The Mid-2017 Housing Market in Florida and Nationally

Here’s a market letter I sent out to my clients yesterday. I thought it was a good time for a market update, with the housing market now in its high season. It’s a  brief sketch of the highlights, so if you’d like numbers or more detail, call me at (727) 289-3289.
–Stephanie

Here’s the full article.

The Mid-2017 Housing Market in Florida and Nationally

In Florida, as elsewhere in the nation, the housing market is healthy but not frenzied, straining at the leash with high demand, and constrained by tight inventory.

This is a customized, personalized market, rather than one being driven by any standardized impulse or financial incentive such as we’ve seen in boom times. There are two underlying trends, the likely rise in interest rates over time, and a rise in home values. But these are not shaping the market in the way that demographic trends are, with the boomers aging out of their working years, and the millennials stepping into their careers.

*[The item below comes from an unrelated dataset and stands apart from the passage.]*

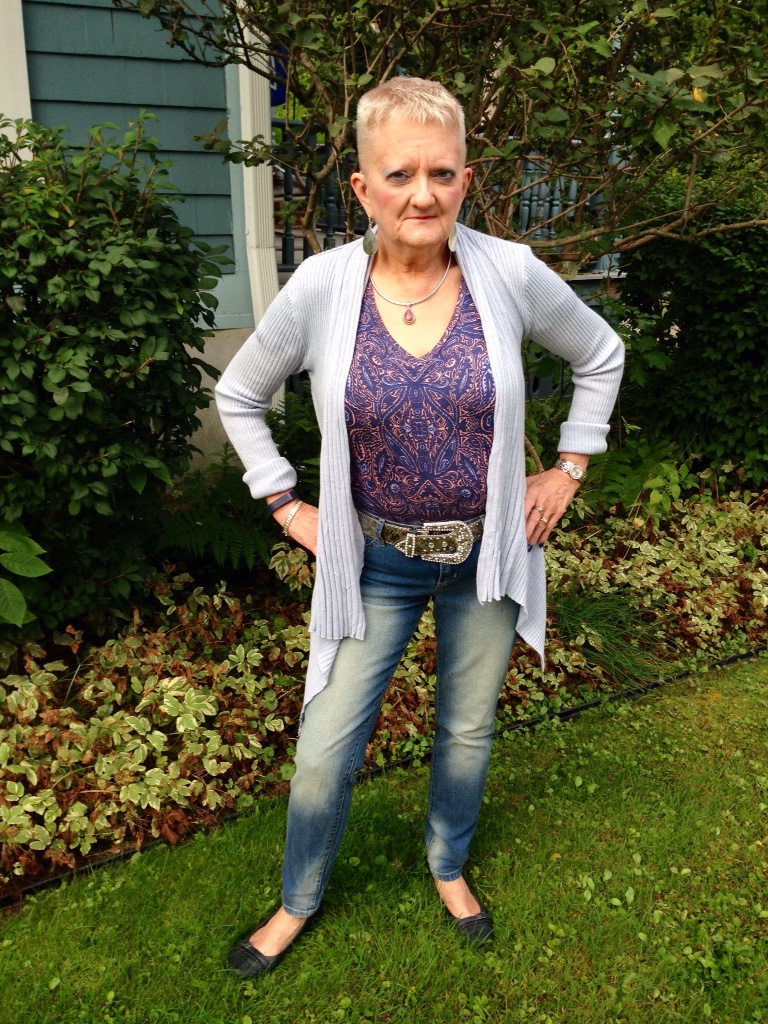 Welcome to a new edition of Carol's Corner. I have two groups of pictures today and then I have another feature story for you tonight. I have a casual outfit and then a dressy one. This first one has pink sparkly small jewels on the top sides of the jeans that can't be seen because of my sweater. They go really nicely with this shirt. I've been looking for a blue sweater for awhile and found this at a Walmart when we were away a couple of weeks ago. Calling this.”Casual Flair.”

Individuals are restructuring their portfolios, with real property for many people being their most key asset. More and more homeowners have now regained equity in their homes. The aging baby boomers are thinking like investors, and cashing out or parlaying their life earnings into retirement situations.

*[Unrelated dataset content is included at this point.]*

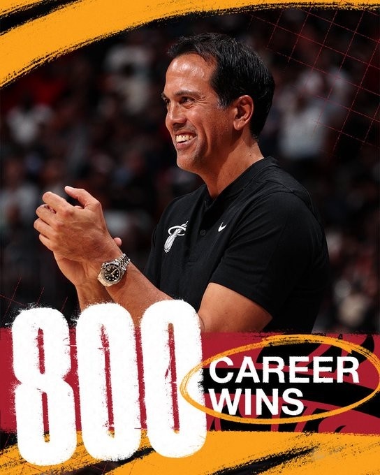 11月28日讯 昨日,热火主场106-103击败雄鹿,这是主教练斯波生涯第800胜。

Millennials meanwhile have an earnest desire to get out of renting and own a home, equal with any generation previously. Their start was simply delayed by the great recession. My reading suggests that the notorious student loans are not as great a restraint as we’ve heard, and certainly as the young ones start new households they want to buy rather than rent. Some believe we will see the impact of millennial entry into the market as early as this year – 2017 may tell this story.

And millennials may not have read my article on how to get started in home ownership, but they should: Why Your First Home Should be an Investment Property.

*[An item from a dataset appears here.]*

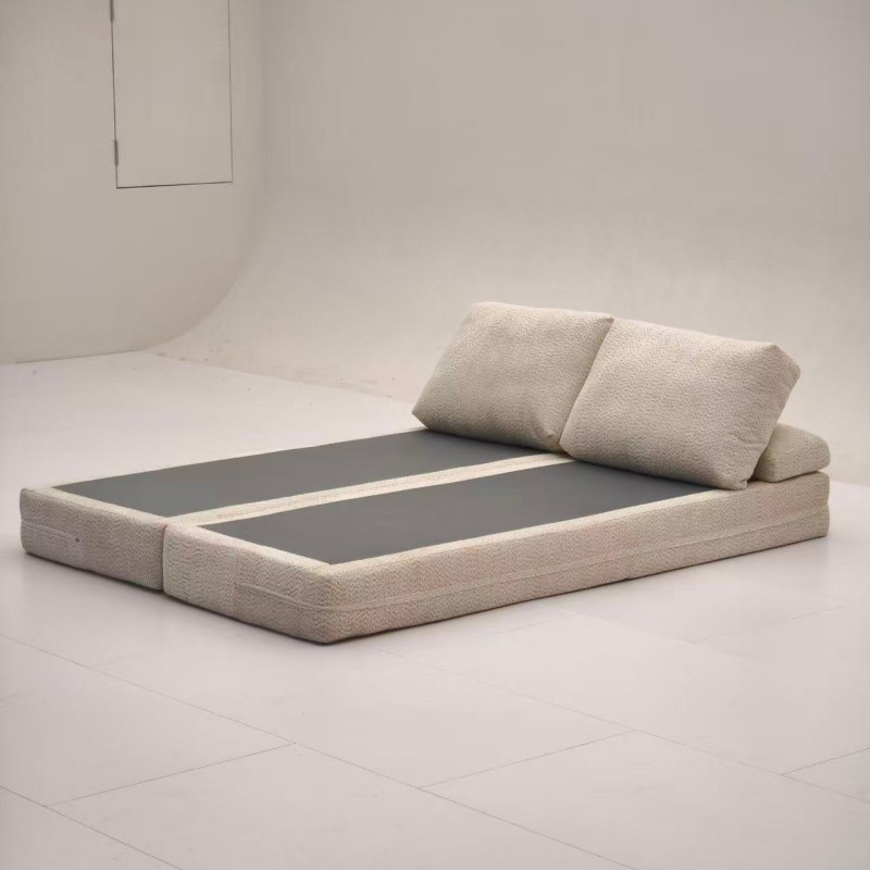 Этот модульный диван-кровать с кремовой текстурой ткани отличается как эстетичным внешним видом, так и практичностью. Он мягкий, воздушный и приятный на ощупь, подходит для оформления интерьера в кремовых и лаконичных тонах. Модульная конструкция гибкая и практичная: для ежедневного использования это двуспальный диван с мягкой эластичностью, прочной обивкой и стабильной поддержкой; после складывания и раскладывания он быстро превращается в большую кровать, что позволяет использовать его в гостевых спальнях и небольших квартирах в качестве многофункционального решения. Не требуется сложных операций для трансформации, например, для отдыха, сидения или кратковременного отдыха, это компактное и функциональное решение, сочетающее в себе два преимущества: внешний вид и функциональность.

Lenders are doing what they can for home buyers, with a range of new financing options appearing. Low and No down payment loans are becoming available. Bridging loans are appearing for existing homeowners moving up. Credit scores are at a record high, after years of repair – credit spending was restrained for some years after the crash, and also by now a lot of bad credit has fallen off the records.

It takes a strong economy to have a strong housing market. And while we saw the housing market pull the economy back on its feet over the last few years, now job creation seems to have taken over. In fact, there are labor shortages in the construction industry, holding back new housing starts – we need 1.5 million new homes to fill the gap.

Off topic: there’s a joke that says, if the millennials would all take second jobs in housing construction, they could pay off their student loans AND find somewhere to live. It’s just a joke, kids.

NAR chief economist Lawrence Yun expects interest rates to hit 5% by the end of 2018. Analysts expect home values to increase by 5% in this year. Home sales are at their highest level in a decade, and REALTORS were 16% more busy in 2016 than the year before, even with many new agents entering the industry.

Inventory will remain tight. Rental property remains a prime investment, and aging and distressed property continues to be fix-and-hold rather than fix-and-flip. Affordability is still an issue for many people. Rents are high, and it’s a landlord’s market – it’s becoming very well understood in mainstream culture that it’s far cheaper to buy than to rent, IF you can do it.

The overall trend of moving up is crimped with the boomers downsizing, and the millennials still looking to gain traction. This being the US, relocation continues everywhere among homeowners, from career, family and military reasons, as well as the standard downsizing as family shrinks, and upsizing as family grows.

So it’s not a one-size-fits-all market today, it’s very individualized, but each venture can find its match if prices are realistic.

And Florida remains a top destination to buy a principal or second home.